Researchers funded in part by the National MS Society reported that metformin, an oral drug used to treat diabetes, improved MS-like disease in mice. Narender Nath, PhD (Medical University of South Carolina, Charleston) Shailendra Giri, PhD (Mayo Clinic, Rochester, MN) and colleagues report this study in The Journal of Immunology (2009 Jun 15;182[12]:8005-14). Dr. Giri was funded by Society research grants.

Background: In the immune attack that occurs in multiple sclerosis, inflammatory molecules secreted by immune cells damage tissue in the brain and spinal cord. AMPK is an enzyme that plays a role in providing cells with energy. With seed money from a Society pilot research grant, results of which were leveraged to win a larger research grant, Dr. Giri’s team has been studying whether this enzyme affects immune cells in lab mice with EAE, an MS-like disease. They recently reported that AMPK is, in fact, absent during EAE in another Society-supported study (Biochemical and Biophysical Research Communications 2009;386:16-20). Metformin, an oral drug commonly used to treat diabetes, activates AMPK, so they tested whether administering this agent would affect EAE.

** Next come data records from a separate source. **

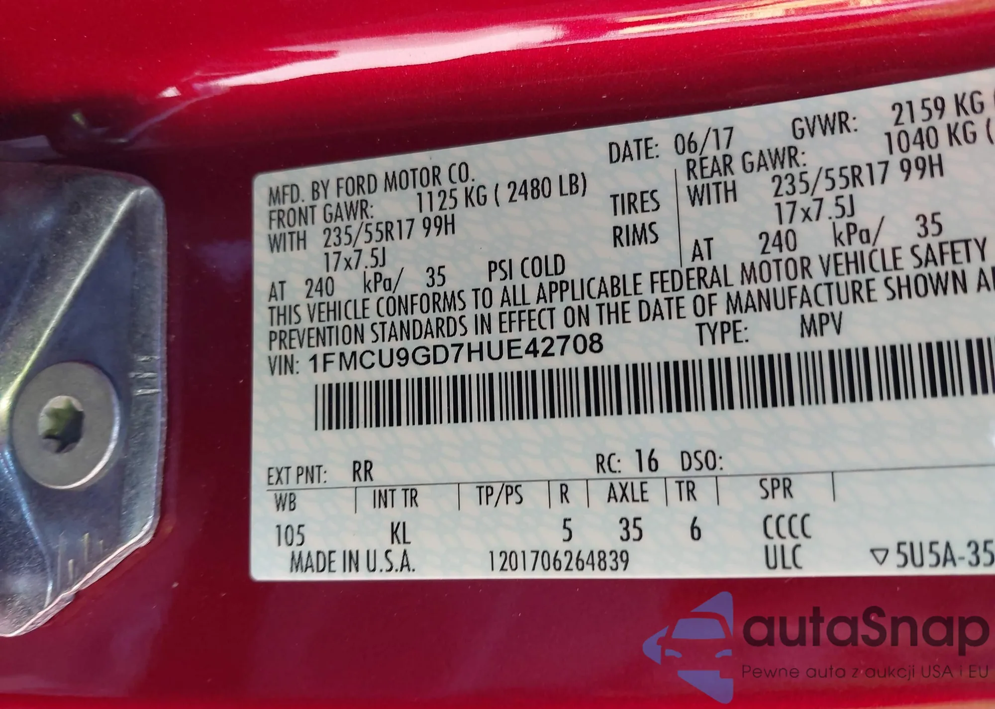 VIN: 1FMCU9GD7HUE42708
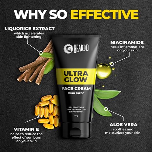 Beardo Ultraglow All in One Face Cream For Men with SPF 30, 60g | Aloe Vera With Vitamin E and Niacinamide for Skin Brightening & Dark Spots Reduction
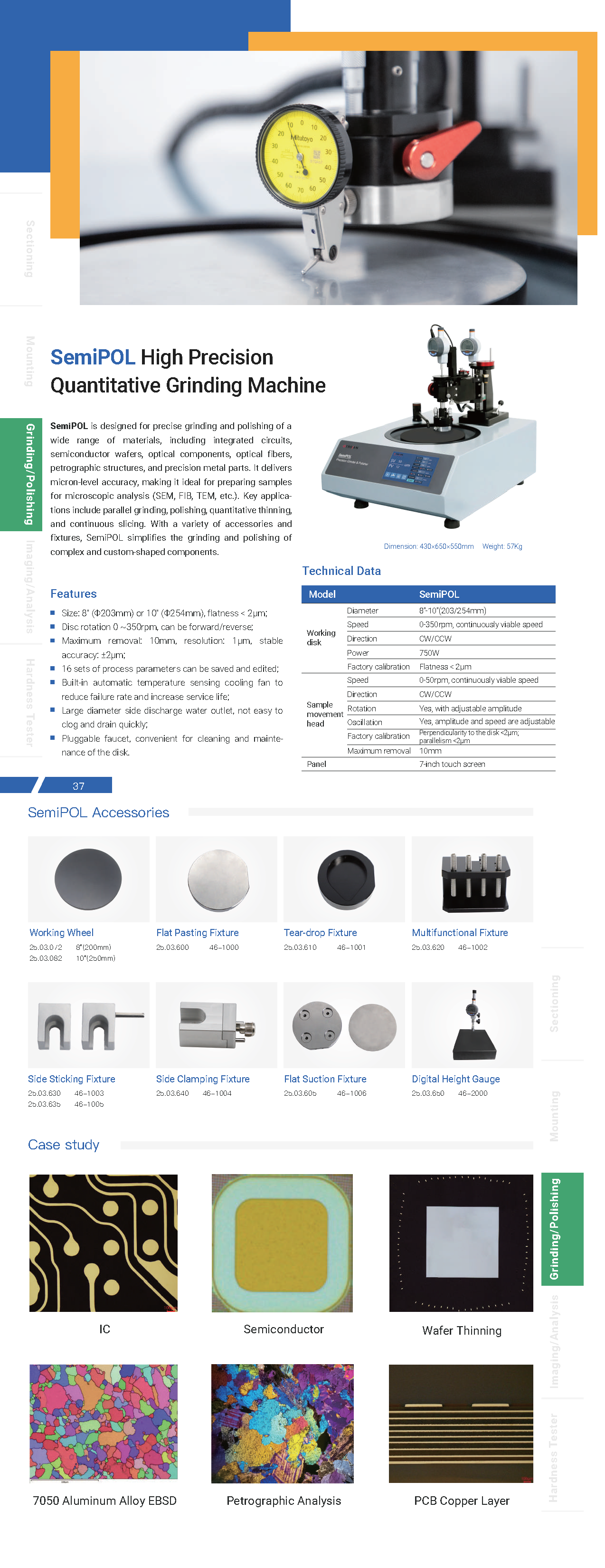SemiPOL สามารถบดและขัดวัสดุต่างๆ ได้อย่างแม่นยำ (เช่น วงจรรวม, เวเฟอร์เซมิคอนดักเตอร์, ส่วนประกอบออปติคัลและเส้นใยแก้วนำแสง, โครงสร้างหิน, ชิ้นส่วนโลหะที่มีความแม่นยำ ฯลฯ) สำหรับการวิเคราะห์ด้วยกล้องจุลทรรศน์ (SEM, FIB, TEM ฯลฯ) ความแม่นยำของเป้าหมายสามารถเข้าถึงระดับไมครอนได้ ส่วนใหญ่ใช้สำหรับการบดและขัดแบบขนาน, การกลึงบางเชิงปริมาณ, การหั่นต่อเนื่อง และการใช้งานที่ต้องการความแม่นยำอื่นๆ ด้วยอุปกรณ์เสริมและอุปกรณ์จับยึดที่มากขึ้น ทำให้การบดและขัดชิ้นส่วนที่มีรูปร่างซับซ้อนและพิเศษเป็นเรื่องง่ายและสะดวกยิ่งขึ้น
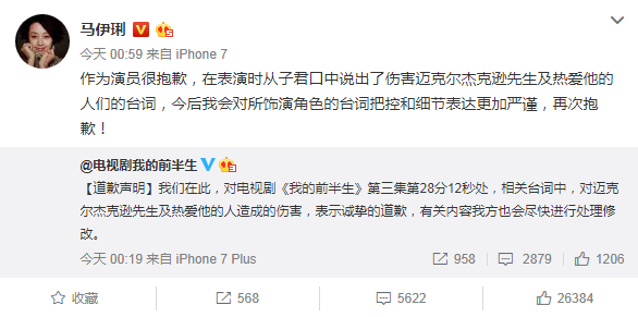 事情迅速发酵,今日(7月6日)凌晨,剧方发表道歉声明,对剧中不当台词表示诚挚道歉并做处理修改;扮演者马伊琍随后也发表声明表示“今后会对所饰演角色的台词把控和细节表达更加严谨”,对此网友也各执一词态度不一。但是截止晚发稿前,该剧在爱奇艺上的剧集仍未对相关部分做出调整。
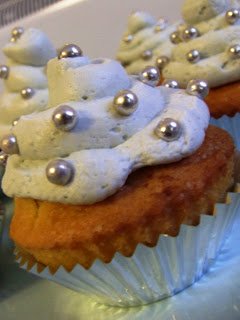A krémet töltsük zacskóba/ habzsákba és kívülről befelé haladva csigavonalban díszítsük a sütiket. Végül az ezüst cukorgyöngyökkel díszítsük és Voilá:)
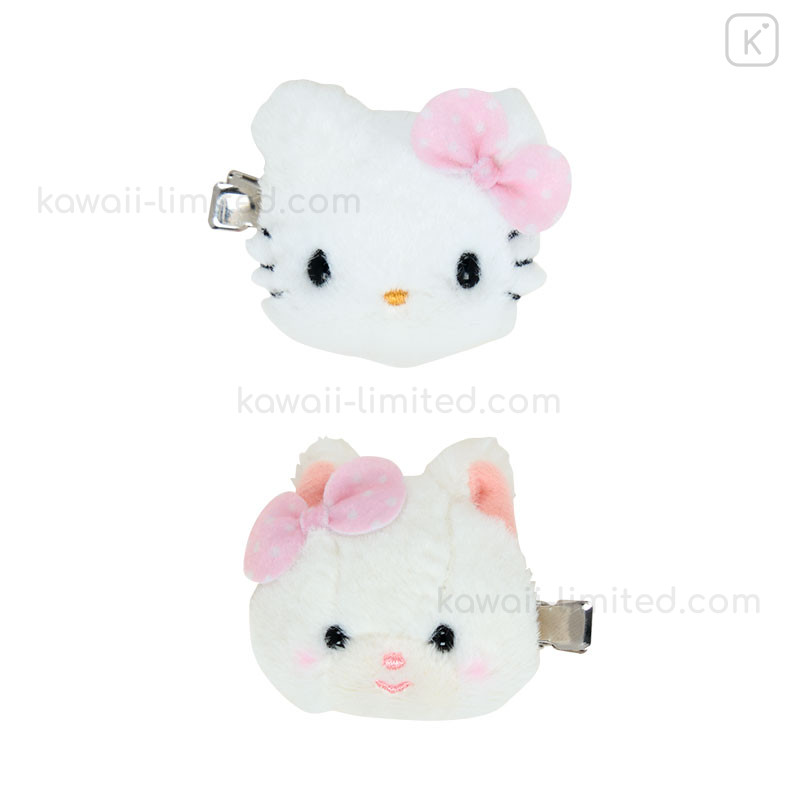 Japan Sanrio Original × Yoshitoku Retro Plush Collection Face-shaped Hair Clip - Hello Kitty : Creamy Cat
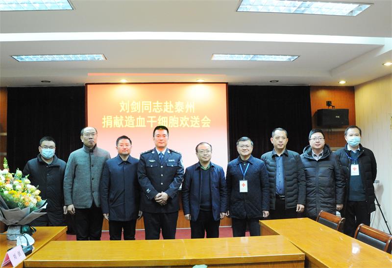 2月1日上午,一场特别的欢送仪式在宝应法院举行,这场仪式的主人公叫刘剑,中共党员,现任县法院法警大队副大队长,此次他将赴泰州市人民医院完成一项特殊使命——为一名白血病患者捐献造血干细胞,延续“生命火种”。县政府副县长、县红十字会名誉会长杨洪国,县法院党组书记、院长陈国俊,县红十字会会长查爱国,县委政法委副书记钱文峰,县委宣传部新时代文明实践服务中心副主任陈曦,县红十字会秘书长王晓波等领导出席欢送仪式。
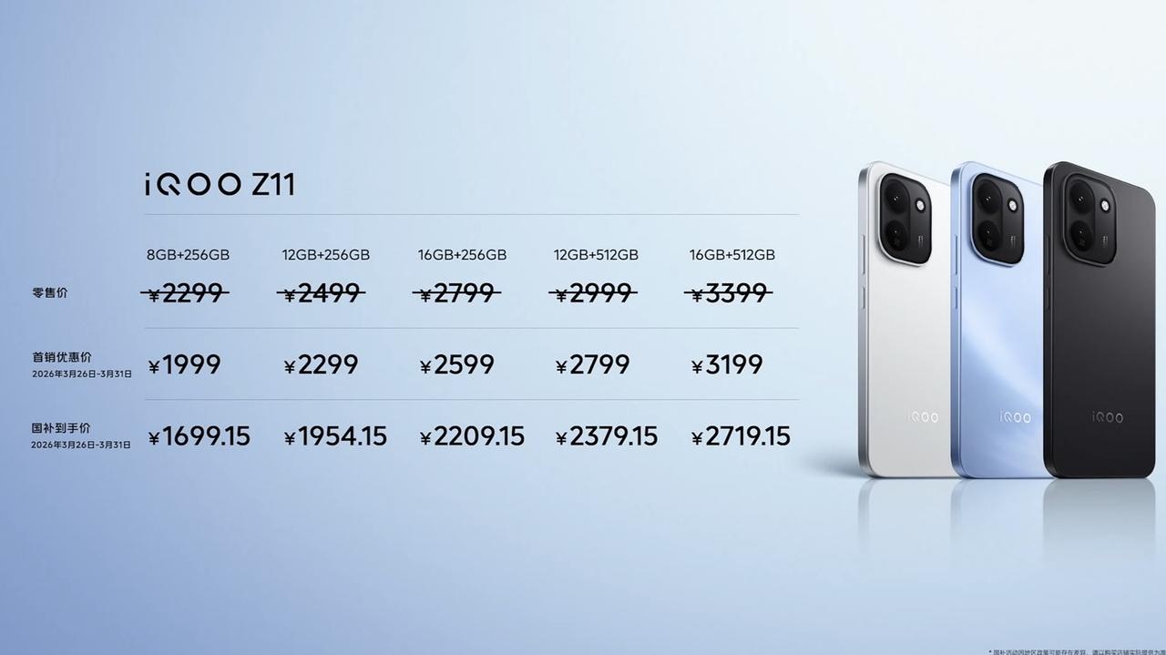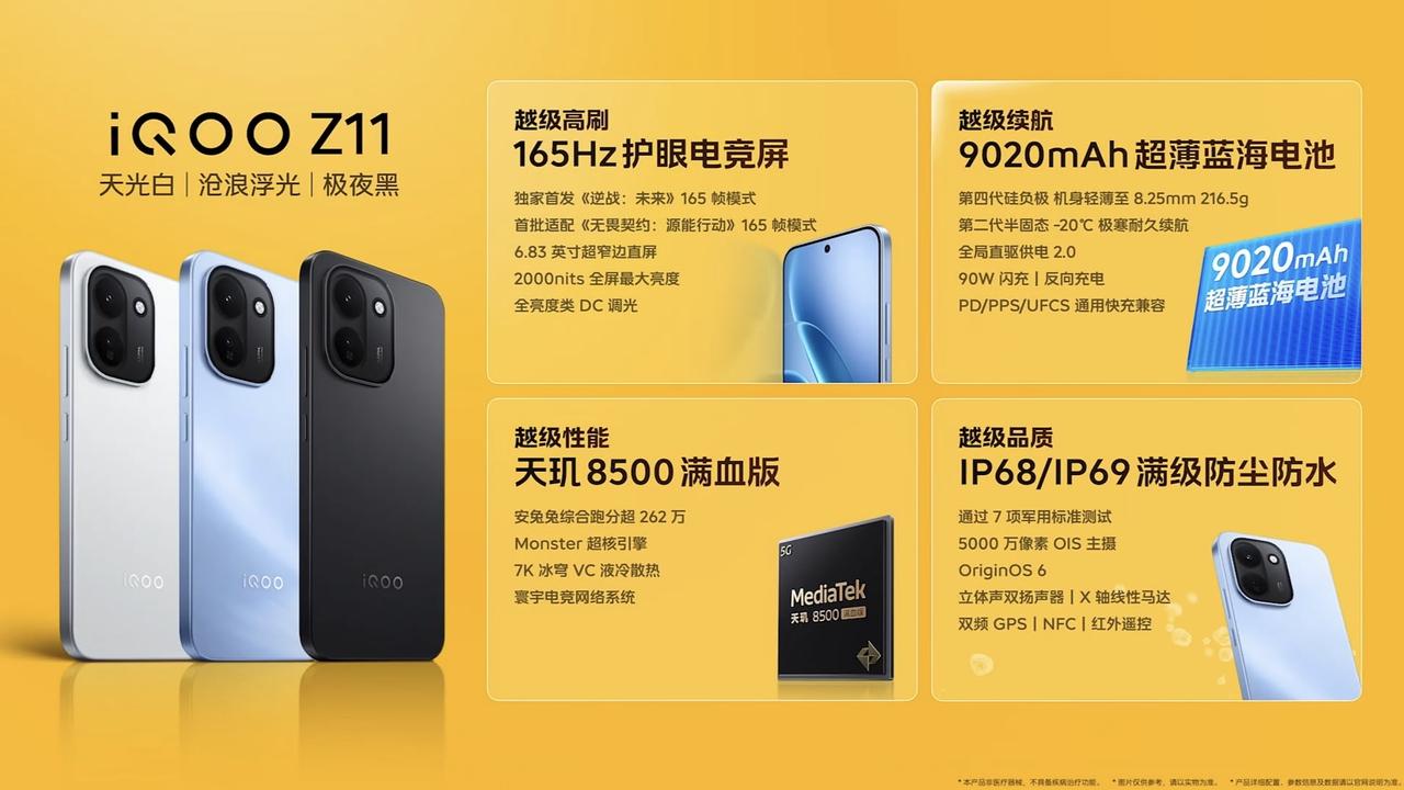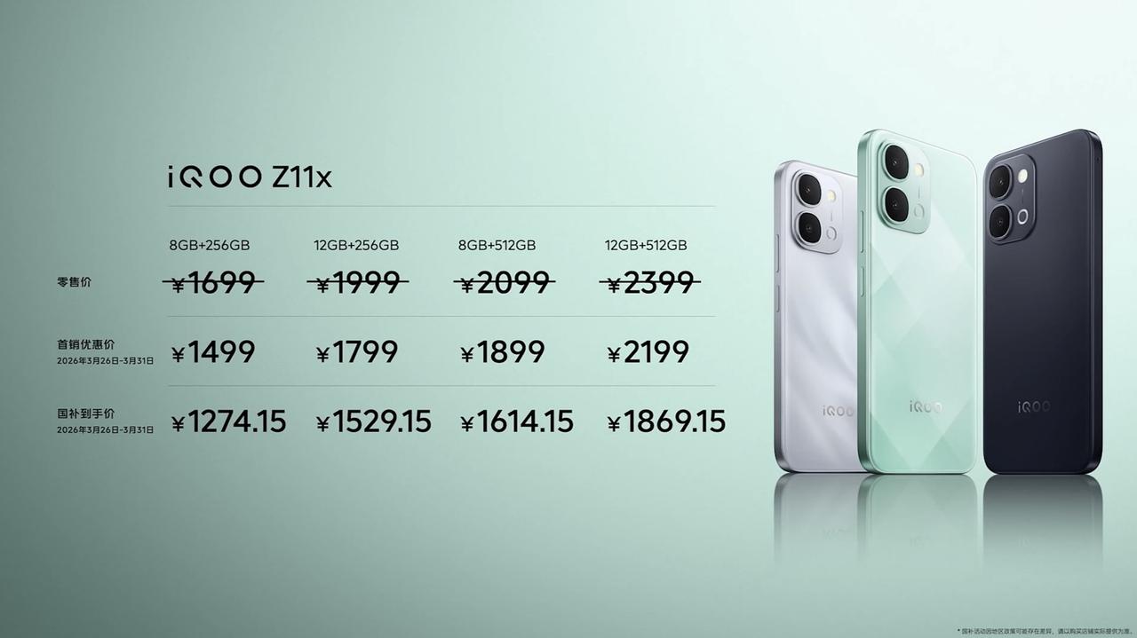 iQOO Z11和Z11x发布,iQOO手机更高的屏幕刷新率和更大电池容量安排上了。内存大涨价的大环境下,两款新机的价格也比往年的千元机贵不少,但iQOO咬牙为消费者准备了首销优惠。 iQOO Z11: 6.83英寸1.5K直屏,165Hz超高刷 天玑8500满血版,跑分262.5万 7K冰穹散热,Monster超核引擎 9020毫安时大电池,90W快充 满级防水,通过7项军标测试 5000万像素大底OIS主摄,签到水印功能 8GB+256GB:1999 12GB+256GB:2299 16GB+256GB:2599 12GB+512GB:2799 16GB+512GB: 3199 iQOO Z11x: 6.76英寸 0频闪LCD屏,1200尼特分峰值亮度 天玑7400处理器,跑分105万,UFS 3.1闪存 7200毫安时电池,红外遥控,全功能NFC OriginOS 6系统,满级防尘防水 8GB+256GB:1499 12GB+256GB:1799 8GB+512GB:1899 12GB+512GB:2199

The Study: The group administered metformin to mice both before and after disease onset. Treatment showed benefits in both models, delaying disease onset and reducing disease severity in the former, and increasing the rate of recovery in the latter. Metformin inhibited a number of immune messenger proteins, as well as the ability of immune cells to enter the brain. The team found evidence that these effects occurred because metformin activated AMPK in the brain and in immune scavenger cells known as macrophages.

Comment: “The fact that this oral drug, which has a long history of use in the treatment of diabetes, showed some benefit in EAE lends promise to our search for treatments that are relatively inexpensive and that already have a reasonably good safety profile,” said John R. Richert, MD, Executive Vice President of Research & Clinical Programs for the National MS Society. “Clearly, more research is necessary to determine whether this treatment will be a good therapeutic option for people with MS.”